- [HOW TO COMPLETE THIS TASK]: Copy out each line of the material below with no changes.

- [RECORDS FOR THE EXERCISE]:
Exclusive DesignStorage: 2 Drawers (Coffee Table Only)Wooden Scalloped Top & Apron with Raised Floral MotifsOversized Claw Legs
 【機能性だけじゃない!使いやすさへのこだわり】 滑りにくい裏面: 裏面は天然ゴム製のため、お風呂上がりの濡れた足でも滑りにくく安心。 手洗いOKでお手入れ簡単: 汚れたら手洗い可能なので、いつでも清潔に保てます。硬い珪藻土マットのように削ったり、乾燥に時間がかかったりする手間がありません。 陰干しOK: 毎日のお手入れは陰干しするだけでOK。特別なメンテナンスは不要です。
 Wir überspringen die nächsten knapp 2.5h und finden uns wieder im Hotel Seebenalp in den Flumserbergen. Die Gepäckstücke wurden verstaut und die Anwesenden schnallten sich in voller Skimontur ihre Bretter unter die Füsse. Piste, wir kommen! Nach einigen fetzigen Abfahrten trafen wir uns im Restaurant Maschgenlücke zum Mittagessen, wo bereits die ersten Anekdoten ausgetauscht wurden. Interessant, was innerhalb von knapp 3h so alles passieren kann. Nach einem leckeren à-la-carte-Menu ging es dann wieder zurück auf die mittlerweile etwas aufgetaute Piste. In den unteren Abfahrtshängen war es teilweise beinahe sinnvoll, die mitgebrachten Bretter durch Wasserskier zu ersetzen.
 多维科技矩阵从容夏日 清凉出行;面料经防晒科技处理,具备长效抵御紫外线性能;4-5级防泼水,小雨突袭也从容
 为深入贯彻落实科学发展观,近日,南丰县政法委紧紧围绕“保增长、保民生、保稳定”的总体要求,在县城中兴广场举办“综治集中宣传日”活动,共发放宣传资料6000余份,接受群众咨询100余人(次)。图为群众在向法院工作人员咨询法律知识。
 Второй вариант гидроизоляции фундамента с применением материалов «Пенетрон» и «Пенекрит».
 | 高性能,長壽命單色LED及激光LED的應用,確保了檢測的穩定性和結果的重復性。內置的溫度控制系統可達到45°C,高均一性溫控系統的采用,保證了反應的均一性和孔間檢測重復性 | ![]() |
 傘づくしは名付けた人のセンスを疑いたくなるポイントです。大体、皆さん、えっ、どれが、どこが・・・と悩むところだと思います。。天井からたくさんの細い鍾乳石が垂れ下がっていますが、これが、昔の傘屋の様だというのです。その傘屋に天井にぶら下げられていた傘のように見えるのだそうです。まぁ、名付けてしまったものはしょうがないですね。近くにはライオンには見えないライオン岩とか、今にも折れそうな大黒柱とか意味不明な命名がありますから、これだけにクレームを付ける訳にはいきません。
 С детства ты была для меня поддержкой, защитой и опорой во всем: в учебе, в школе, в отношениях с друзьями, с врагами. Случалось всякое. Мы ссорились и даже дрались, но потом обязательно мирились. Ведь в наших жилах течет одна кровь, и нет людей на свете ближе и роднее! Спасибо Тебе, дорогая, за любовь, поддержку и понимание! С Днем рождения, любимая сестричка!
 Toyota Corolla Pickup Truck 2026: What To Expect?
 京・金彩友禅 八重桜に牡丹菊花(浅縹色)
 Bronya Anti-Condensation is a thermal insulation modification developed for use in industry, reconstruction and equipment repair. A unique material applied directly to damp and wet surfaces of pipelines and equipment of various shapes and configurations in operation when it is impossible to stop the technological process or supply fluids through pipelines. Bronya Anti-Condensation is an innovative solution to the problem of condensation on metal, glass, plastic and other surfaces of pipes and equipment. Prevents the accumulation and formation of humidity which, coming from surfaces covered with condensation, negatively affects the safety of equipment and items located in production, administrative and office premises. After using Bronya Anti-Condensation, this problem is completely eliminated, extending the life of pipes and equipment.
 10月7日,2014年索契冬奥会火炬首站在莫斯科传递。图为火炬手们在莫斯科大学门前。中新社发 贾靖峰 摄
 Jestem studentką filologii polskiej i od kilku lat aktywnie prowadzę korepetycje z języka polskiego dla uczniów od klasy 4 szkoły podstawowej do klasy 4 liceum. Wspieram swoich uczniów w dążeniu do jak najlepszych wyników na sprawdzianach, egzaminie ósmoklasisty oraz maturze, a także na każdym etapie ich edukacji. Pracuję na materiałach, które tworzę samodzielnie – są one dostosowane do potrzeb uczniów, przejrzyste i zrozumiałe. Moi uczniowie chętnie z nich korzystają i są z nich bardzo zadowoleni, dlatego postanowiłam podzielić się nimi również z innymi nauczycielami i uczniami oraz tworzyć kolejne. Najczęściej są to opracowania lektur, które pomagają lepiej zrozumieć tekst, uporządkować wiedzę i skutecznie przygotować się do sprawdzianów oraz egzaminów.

- [RESPONSE TO THIS TASK]:
Exclusive DesignStorage: 2 Drawers (Coffee Table Only)Wooden Scalloped Top & Apron with Raised Floral MotifsOversized Claw Legs
 【機能性だけじゃない!使いやすさへのこだわり】 滑りにくい裏面: 裏面は天然ゴム製のため、お風呂上がりの濡れた足でも滑りにくく安心。 手洗いOKでお手入れ簡単: 汚れたら手洗い可能なので、いつでも清潔に保てます。硬い珪藻土マットのように削ったり、乾燥に時間がかかったりする手間がありません。 陰干しOK: 毎日のお手入れは陰干しするだけでOK。特別なメンテナンスは不要です。
 Wir überspringen die nächsten knapp 2.5h und finden uns wieder im Hotel Seebenalp in den Flumserbergen. Die Gepäckstücke wurden verstaut und die Anwesenden schnallten sich in voller Skimontur ihre Bretter unter die Füsse. Piste, wir kommen! Nach einigen fetzigen Abfahrten trafen wir uns im Restaurant Maschgenlücke zum Mittagessen, wo bereits die ersten Anekdoten ausgetauscht wurden. Interessant, was innerhalb von knapp 3h so alles passieren kann. Nach einem leckeren à-la-carte-Menu ging es dann wieder zurück auf die mittlerweile etwas aufgetaute Piste. In den unteren Abfahrtshängen war es teilweise beinahe sinnvoll, die mitgebrachten Bretter durch Wasserskier zu ersetzen.
 多维科技矩阵从容夏日 清凉出行;面料经防晒科技处理,具备长效抵御紫外线性能;4-5级防泼水,小雨突袭也从容
 为深入贯彻落实科学发展观,近日,南丰县政法委紧紧围绕“保增长、保民生、保稳定”的总体要求,在县城中兴广场举办“综治集中宣传日”活动,共发放宣传资料6000余份,接受群众咨询100余人(次)。图为群众在向法院工作人员咨询法律知识。
 Второй вариант гидроизоляции фундамента с применением материалов «Пенетрон» и «Пенекрит».
 | 高性能,長壽命單色LED及激光LED的應用,確保了檢測的穩定性和結果的重復性。內置的溫度控制系統可達到45°C,高均一性溫控系統的采用,保證了反應的均一性和孔間檢測重復性 | ![]() |
 傘づくしは名付けた人のセンスを疑いたくなるポイントです。大体、皆さん、えっ、どれが、どこが・・・と悩むところだと思います。。天井からたくさんの細い鍾乳石が垂れ下がっていますが、これが、昔の傘屋の様だというのです。その傘屋に天井にぶら下げられていた傘のように見えるのだそうです。まぁ、名付けてしまったものはしょうがないですね。近くにはライオンには見えないライオン岩とか、今にも折れそうな大黒柱とか意味不明な命名がありますから、これだけにクレームを付ける訳にはいきません。
 С детства ты была для меня поддержкой, защитой и опорой во всем: в учебе, в школе, в отношениях с друзьями, с врагами. Случалось всякое. Мы ссорились и даже дрались, но потом обязательно мирились. Ведь в наших жилах течет одна кровь, и нет людей на свете ближе и роднее! Спасибо Тебе, дорогая, за любовь, поддержку и понимание! С Днем рождения, любимая сестричка!
 Toyota Corolla Pickup Truck 2026: What To Expect?
 京・金彩友禅 八重桜に牡丹菊花(浅縹色)
 Bronya Anti-Condensation is a thermal insulation modification developed for use in industry, reconstruction and equipment repair. A unique material applied directly to damp and wet surfaces of pipelines and equipment of various shapes and configurations in operation when it is impossible to stop the technological process or supply fluids through pipelines. Bronya Anti-Condensation is an innovative solution to the problem of condensation on metal, glass, plastic and other surfaces of pipes and equipment. Prevents the accumulation and formation of humidity which, coming from surfaces covered with condensation, negatively affects the safety of equipment and items located in production, administrative and office premises. After using Bronya Anti-Condensation, this problem is completely eliminated, extending the life of pipes and equipment.
 10月7日,2014年索契冬奥会火炬首站在莫斯科传递。图为火炬手们在莫斯科大学门前。中新社发 贾靖峰 摄
 Jestem studentką filologii polskiej i od kilku lat aktywnie prowadzę korepetycje z języka polskiego dla uczniów od klasy 4 szkoły podstawowej do klasy 4 liceum. Wspieram swoich uczniów w dążeniu do jak najlepszych wyników na sprawdzianach, egzaminie ósmoklasisty oraz maturze, a także na każdym etapie ich edukacji. Pracuję na materiałach, które tworzę samodzielnie – są one dostosowane do potrzeb uczniów, przejrzyste i zrozumiałe. Moi uczniowie chętnie z nich korzystają i są z nich bardzo zadowoleni, dlatego postanowiłam podzielić się nimi również z innymi nauczycielami i uczniami oraz tworzyć kolejne. Najczęściej są to opracowania lektur, które pomagają lepiej zrozumieć tekst, uporządkować wiedzę i skutecznie przygotować się do sprawdzianów oraz egzaminów.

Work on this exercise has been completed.